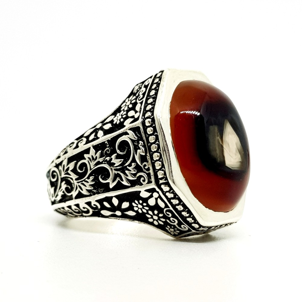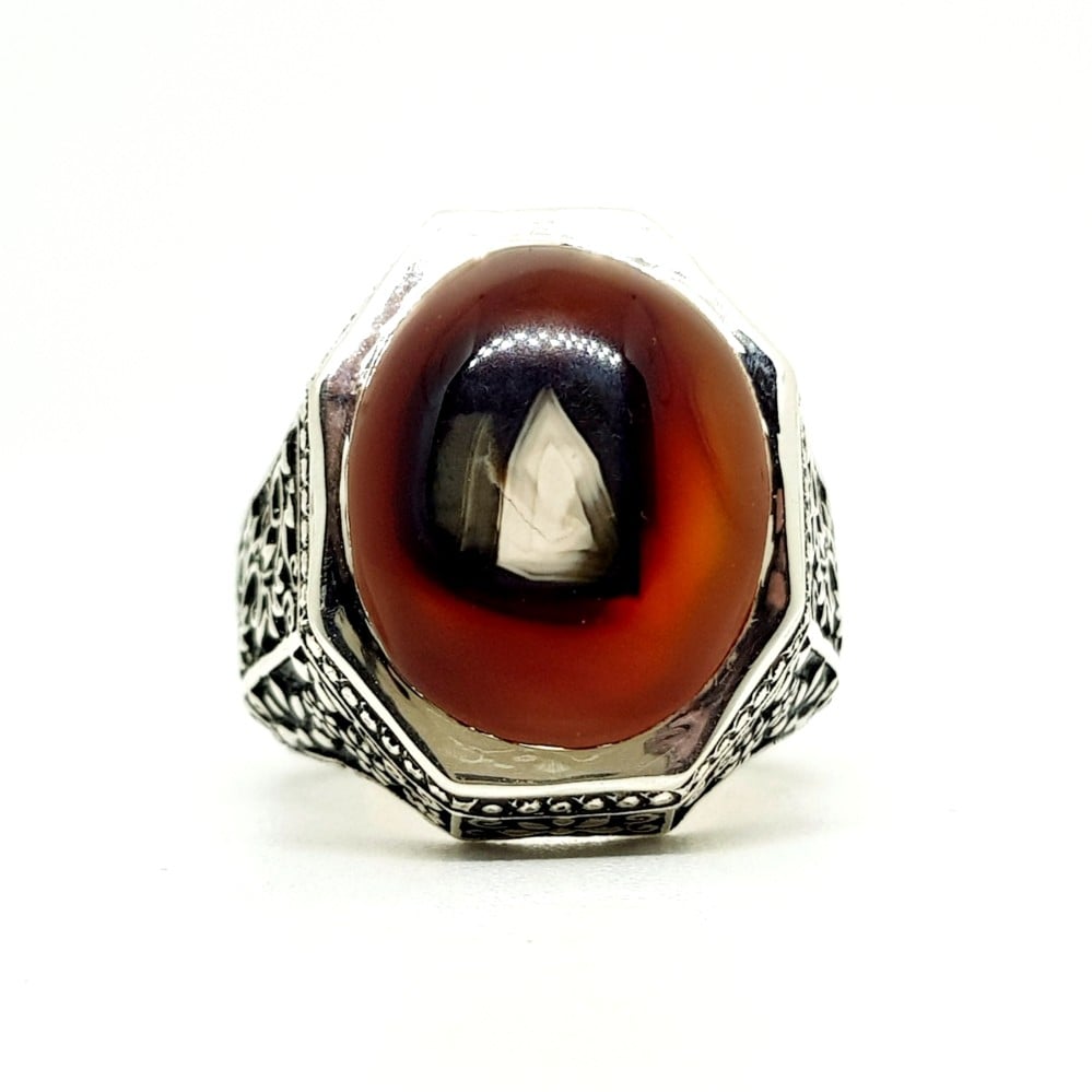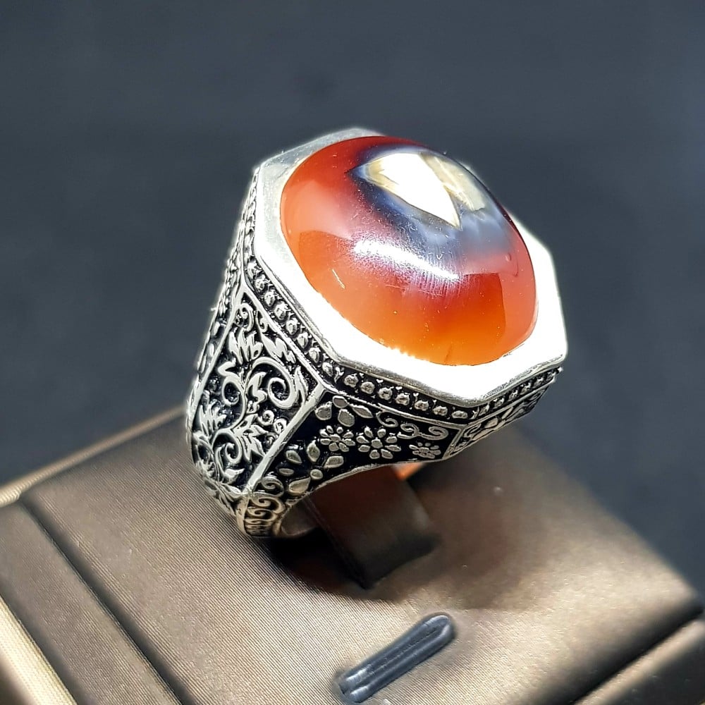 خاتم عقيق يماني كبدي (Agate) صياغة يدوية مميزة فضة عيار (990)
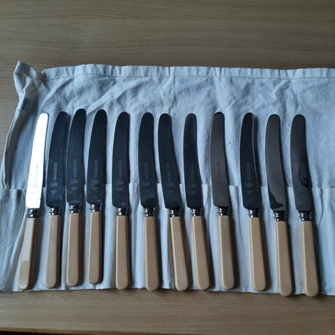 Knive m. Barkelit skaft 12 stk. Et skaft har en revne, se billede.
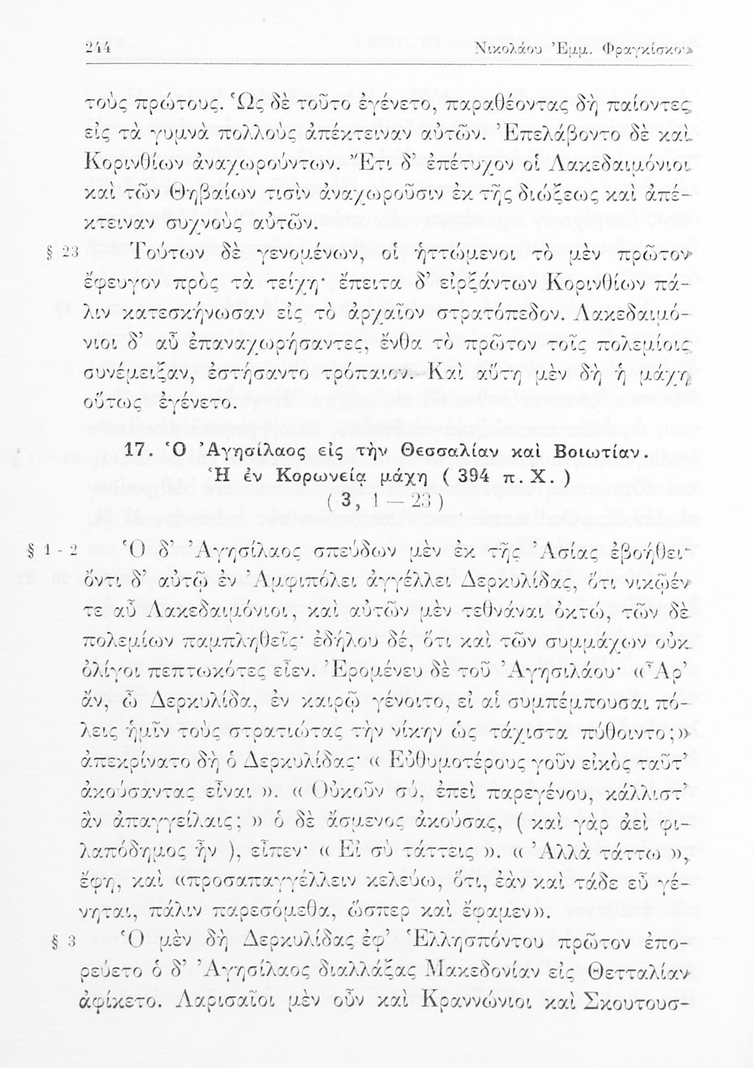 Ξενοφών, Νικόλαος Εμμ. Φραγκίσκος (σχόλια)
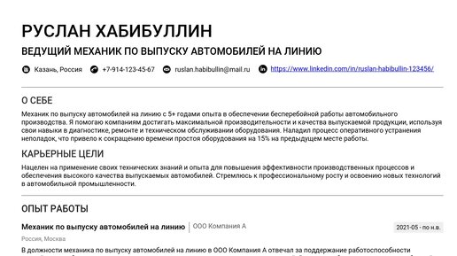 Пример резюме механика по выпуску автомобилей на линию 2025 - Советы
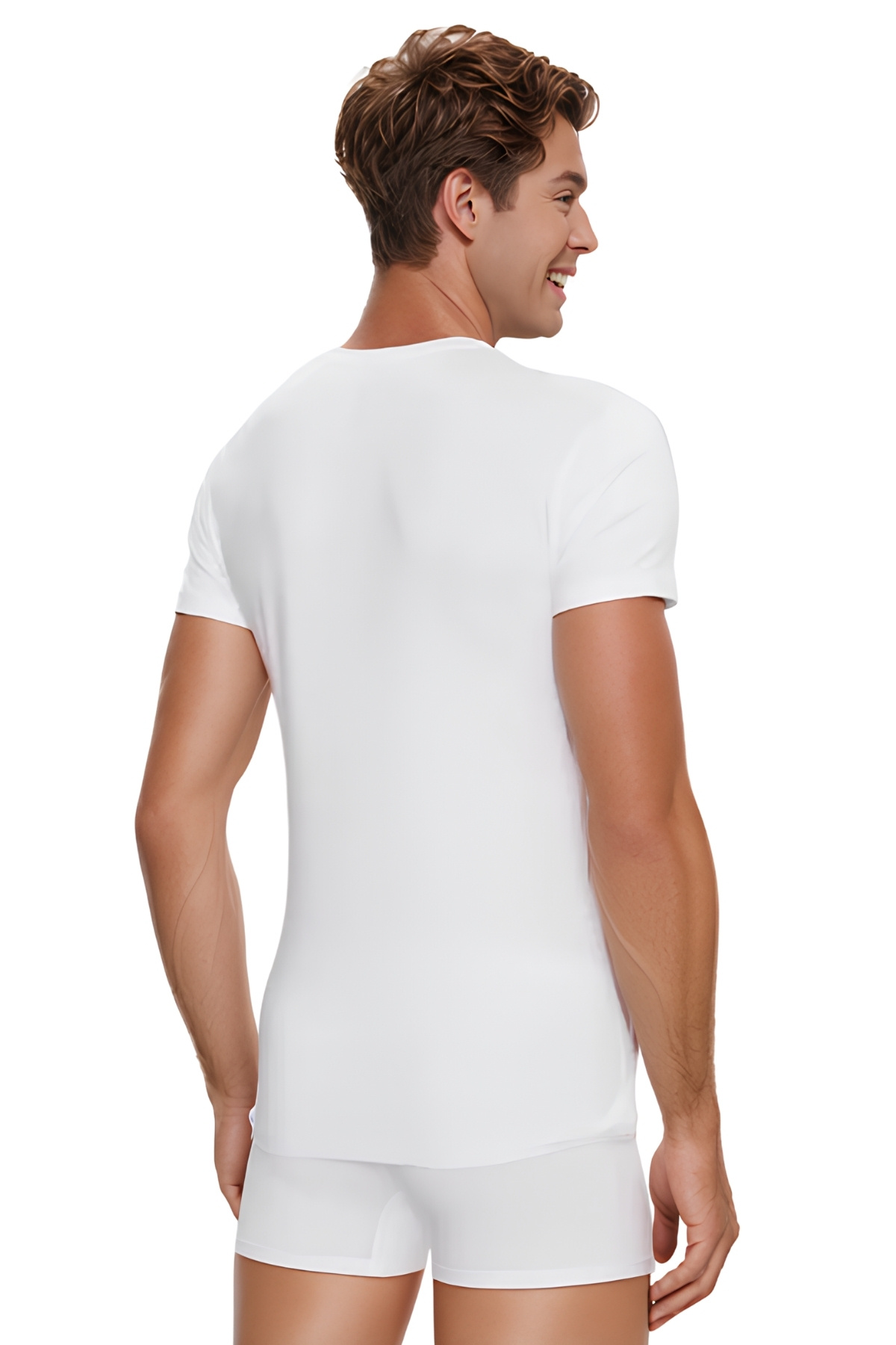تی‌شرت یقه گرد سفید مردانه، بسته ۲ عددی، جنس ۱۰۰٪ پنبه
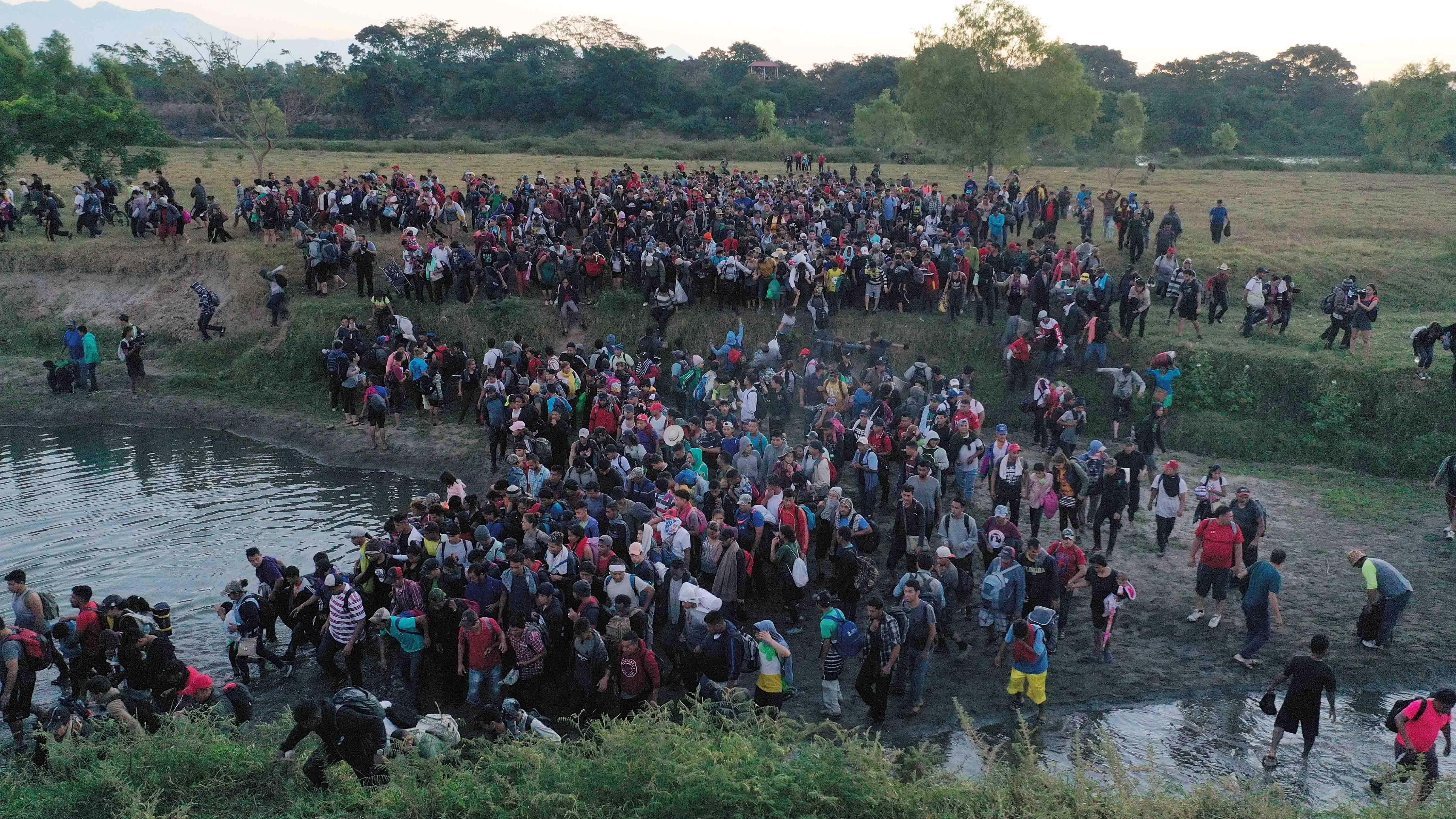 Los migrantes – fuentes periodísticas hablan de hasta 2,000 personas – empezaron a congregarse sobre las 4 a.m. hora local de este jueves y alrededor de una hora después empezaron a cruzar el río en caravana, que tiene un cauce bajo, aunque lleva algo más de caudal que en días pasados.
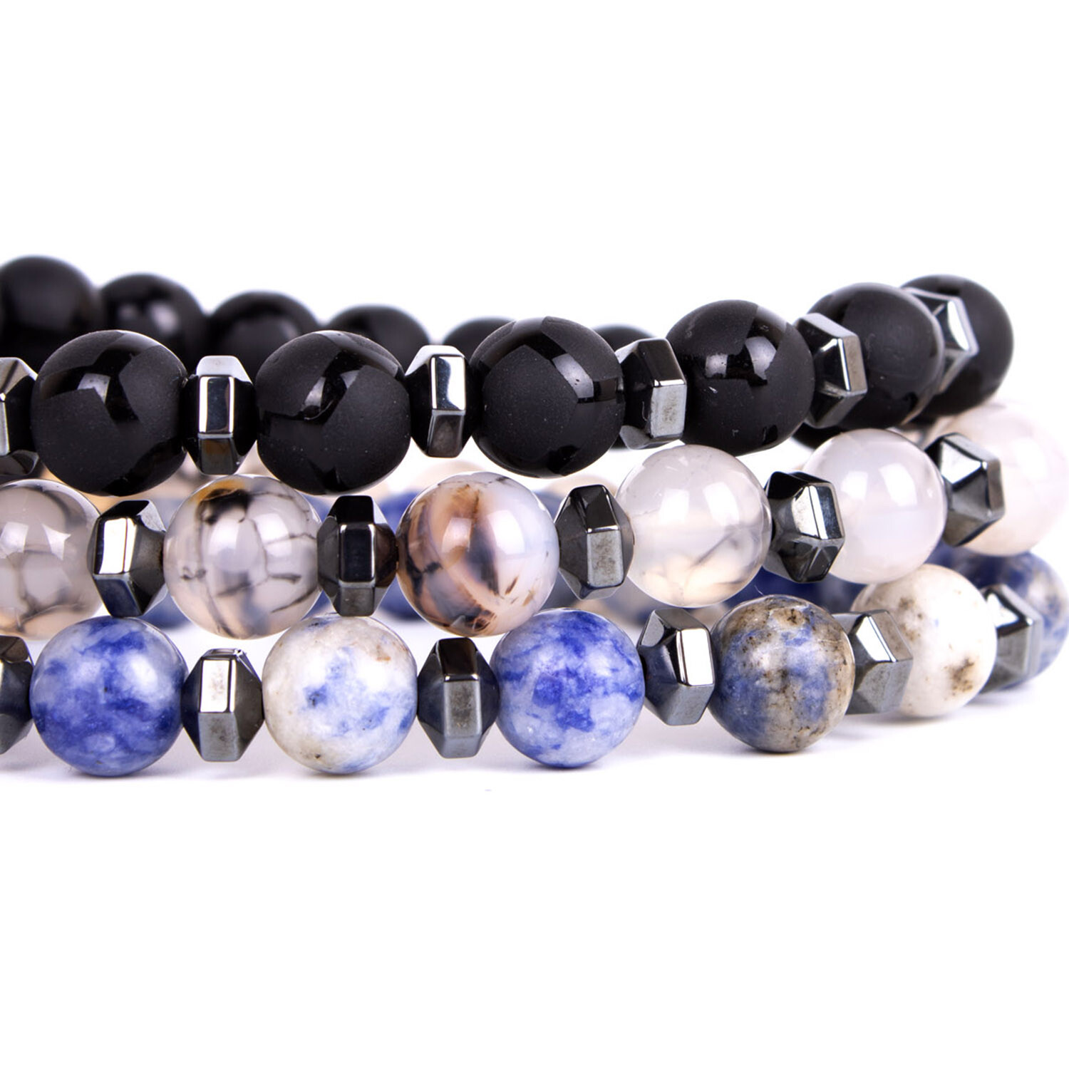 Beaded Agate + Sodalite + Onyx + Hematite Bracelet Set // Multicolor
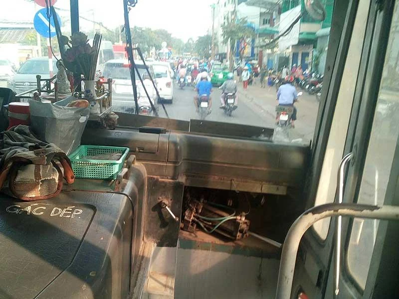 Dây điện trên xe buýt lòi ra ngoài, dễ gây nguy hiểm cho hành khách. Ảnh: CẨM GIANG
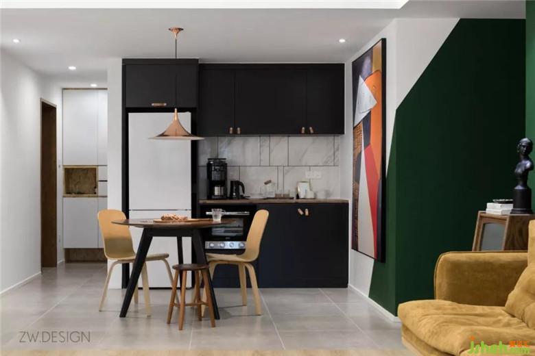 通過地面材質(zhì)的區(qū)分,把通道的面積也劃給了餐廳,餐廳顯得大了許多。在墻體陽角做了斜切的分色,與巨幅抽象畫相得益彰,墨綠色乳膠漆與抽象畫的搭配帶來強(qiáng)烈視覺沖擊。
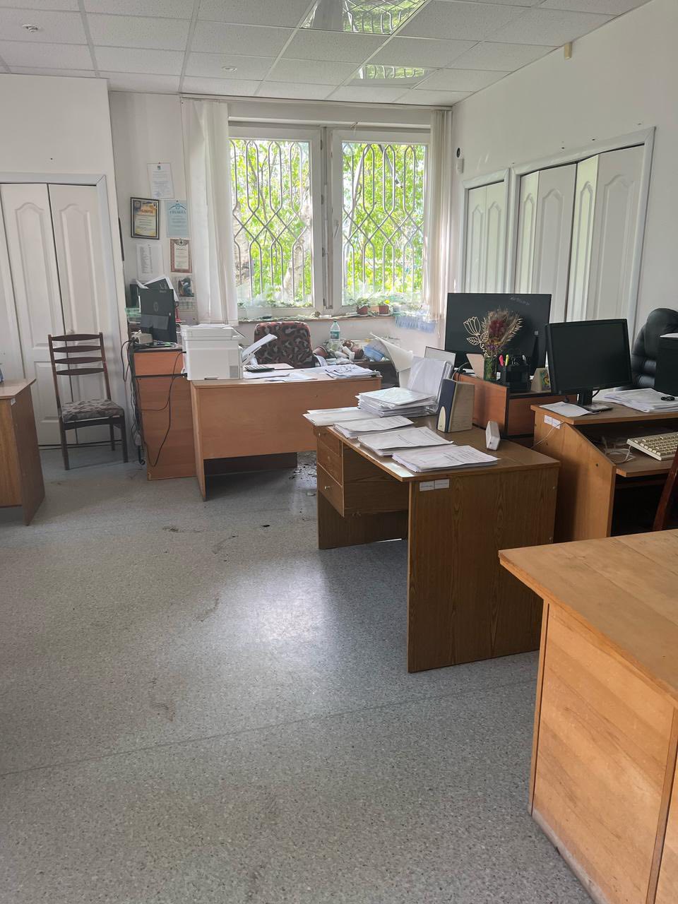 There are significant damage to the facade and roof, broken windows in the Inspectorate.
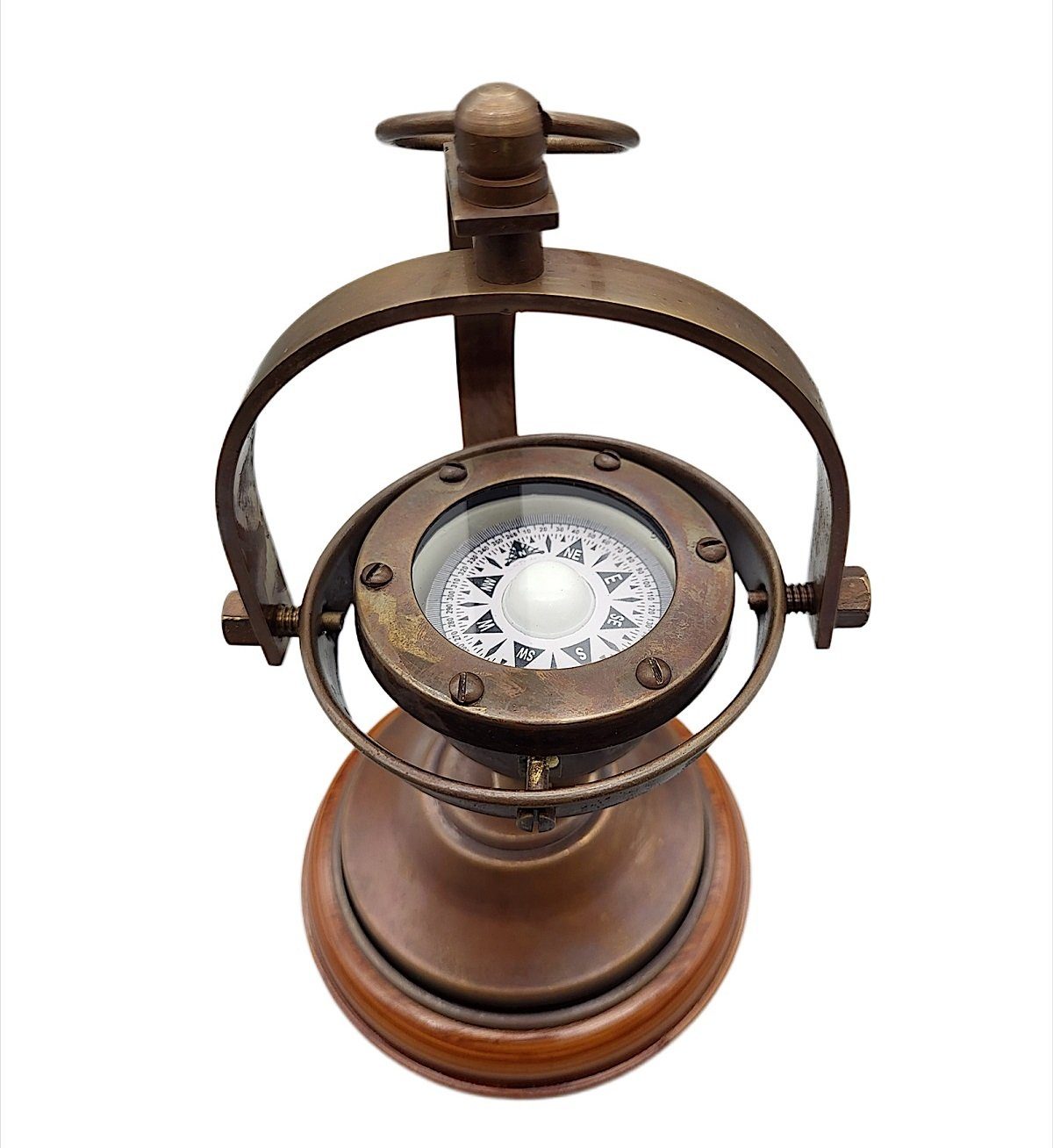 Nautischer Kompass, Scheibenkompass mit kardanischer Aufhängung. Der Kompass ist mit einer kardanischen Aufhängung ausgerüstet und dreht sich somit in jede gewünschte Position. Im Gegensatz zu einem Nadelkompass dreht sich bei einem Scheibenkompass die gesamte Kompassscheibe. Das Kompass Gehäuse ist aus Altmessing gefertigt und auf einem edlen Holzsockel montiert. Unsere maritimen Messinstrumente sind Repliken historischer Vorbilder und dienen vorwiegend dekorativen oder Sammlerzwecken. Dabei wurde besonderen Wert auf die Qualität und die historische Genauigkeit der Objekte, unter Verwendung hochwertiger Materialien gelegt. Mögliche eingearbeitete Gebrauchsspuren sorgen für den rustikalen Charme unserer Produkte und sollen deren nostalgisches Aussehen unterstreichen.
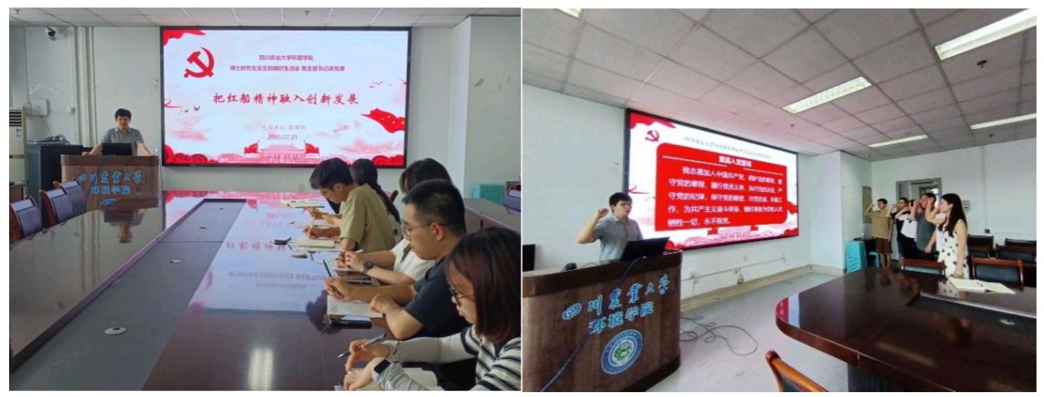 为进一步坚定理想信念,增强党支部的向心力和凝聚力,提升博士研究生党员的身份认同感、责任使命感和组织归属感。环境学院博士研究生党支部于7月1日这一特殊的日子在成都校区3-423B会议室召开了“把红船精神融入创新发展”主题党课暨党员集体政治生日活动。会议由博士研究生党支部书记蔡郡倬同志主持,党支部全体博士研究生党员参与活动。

======

→ What to work on: Set the pictures aside and retype exactly the lines above from the line with "Пример резюме механика" to the line with "There are significant", both included, adding no others.

→ Written solution:
 Пример резюме механика по выпуску автомобилей на линию 2025 - Советы
تی‌شرت یقه گرد سفید مردانه، بسته ۲ عددی، جنس ۱۰۰٪ پنبه
 Los migrantes – fuentes periodísticas hablan de hasta 2,000 personas – empezaron a congregarse sobre las 4 a.m. hora local de este jueves y alrededor de una hora después empezaron a cruzar el río en caravana, que tiene un cauce bajo, aunque lleva algo más de caudal que en días pasados.
 Beaded Agate + Sodalite + Onyx + Hematite Bracelet Set // Multicolor
 Dây điện trên xe buýt lòi ra ngoài, dễ gây nguy hiểm cho hành khách. Ảnh: CẨM GIANG
 通過地面材質(zhì)的區(qū)分,把通道的面積也劃給了餐廳,餐廳顯得大了許多。在墻體陽角做了斜切的分色,與巨幅抽象畫相得益彰,墨綠色乳膠漆與抽象畫的搭配帶來強(qiáng)烈視覺沖擊。
 There are significant damage to the facade and roof, broken windows in the Inspectorate.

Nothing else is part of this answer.